I am trying to use scikit learn's Recursive feature elimination with cross-validation for a (5000, 37)
data that has binary class problem and whenever i fit the model the algorithm enters infinite loop.
Currently, i am following this example: https://scikit-learn.org/stable/auto_examples/feature_selection/plot_rfe_with_cross_validation.html on how to employ this algorithm.
My data is:
from sklearn.svm import SVC
from sklearn.model_selection import StratifiedKFold
from sklearn.feature_selection import RFECV
X = np.random.randint(0,363175645.191632,size=(5000, 37))
Y = np.random.choice([0, 1], size=(37,))
What i tried doing to select the features by:
svc = SVC(kernel="linear")
rfecv = RFECV(estimator=svc, step=1, cv=StratifiedKFold(2),
scoring='accuracy')
rfecv.fit(X, Y)
The code hangs and enters infinite loop, however when i try using another algorithm such as ExtraTreesClassifier it works just fine, what is going on, please help?

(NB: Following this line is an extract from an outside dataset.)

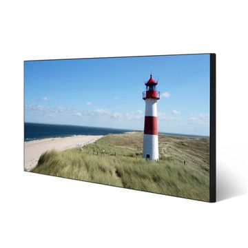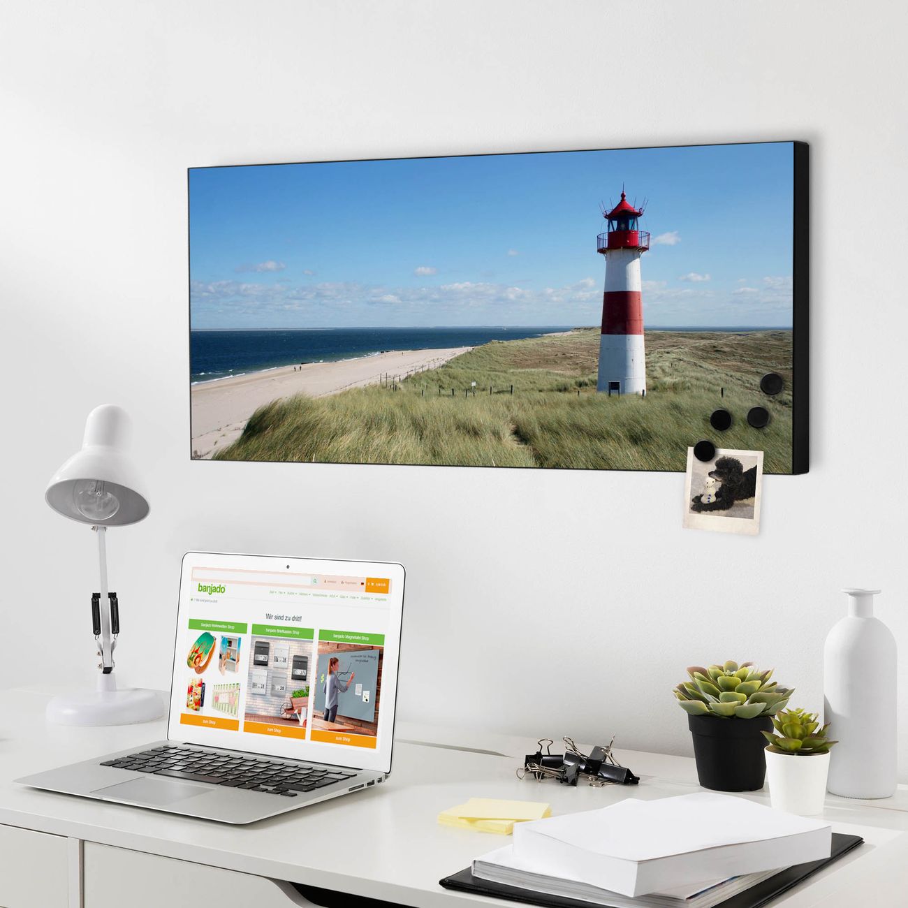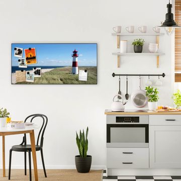 FUNKTION:  Die banjado Magnettafel mit Motiv Leuchtturm Motiv bringt Ordnung in Ihr Zettelchaos. Fotos, Termine, Notizen oder Rezepte lassen Sich hier stilvoll mit Magneten ordnen, Sie behalten alles im Blick. An der Design Magnetwand halten alle handesüblichen Magnete. DESIGN:  Die Metall Pinnwand mit dem Motiv Motiv Leuchtturm ist ein eleganter Begleiter im Alltag. Mit dieser Magnettafel haben Sie auch ohne Notizen und Magnete ein schönes Dekoelement. Das Format bietet Ihnen ausreichend Platz um alle wichtigen Informationen im Blick zu behalten. DETAILS: Die magnetische Pinnwand besteht aus silber-grau, weiß oder schwarz lackiertem Stahl. Sie hat eine Größe von 78cm x 37cm. Es befinden sich auf der Rückseite vorgefertigte Löcher die eine schnelle und unkomplizierte Anbringung ermöglichen. Das Motiv ist mit einem seidenmatten Laminat versehen und schützt so zusätzlich vor Kratzern. NUTZEN:  Sie können diese Magnettafel wunderbar als Wandbild nutzen, es halten alle handelsüblichen Magneten daran. Das Memoboard ist mit einem feuchten Lappen oder Schwamm abwischbar. Sie finden bei uns eine große Auswahl an passenden Magneten. BANJADO:  Wir sind ein kleines Team aus dem Herzen von Sachsen. Wir fertigen alle Artikel von Hand für Sie an, Sie erhalten keine preiswerte Importware. Auf Wunsch können Sie auch Ihr eigenes Foto auf die Magnettafel aufbringen, schreiben Sie uns an. Herzlichst, Ihr banjado-Team

When you perform svm, because it is distance based, it makes sense to scale your feature variables, especially in your case when they are huge. you can also check out this intro to svm. Using an example dataset:
from sklearn.datasets import make_blobs
import seaborn as sns
import numpy as np
from sklearn.preprocessing import StandardScaler
Scaler = StandardScaler()
X, y = make_blobs(n_samples=5000, centers=3, shuffle=False,random_state=42)
X = np.concatenate((X,np.random.randint(0,363175645.191632,size=(5000,35))),axis=1)
y = (y==1).astype('int')
X_scaled = Scaler.fit_transform(X)
This dataset has only 2 useful variables in the first two columns, as you can see from the plot:
plt.scatter(x=X_scaled[:,0],y=X_scaled[:,1],c=['k' if i else 'b' for i in y])
Now we run rfe on scaled data and we can see it returns the first two columns as top variables:
from sklearn.svm import SVC
from sklearn.model_selection import StratifiedKFold
from sklearn.feature_selection import RFECV
svc = SVC(kernel="linear")
rfecv = RFECV(estimator=svc, step=1, cv=StratifiedKFold(2),scoring='accuracy')
rfecv.fit(X_scaled, y)
rfecv.ranking_
array([ 1, 2, 17, 28, 33, 22, 23, 26, 6, 19, 20, 4, 10, 25, 3, 27, 11,
8, 18, 5, 29, 14, 7, 21, 9, 13, 24, 30, 35, 31, 32, 34, 16, 36,
37, 12, 15])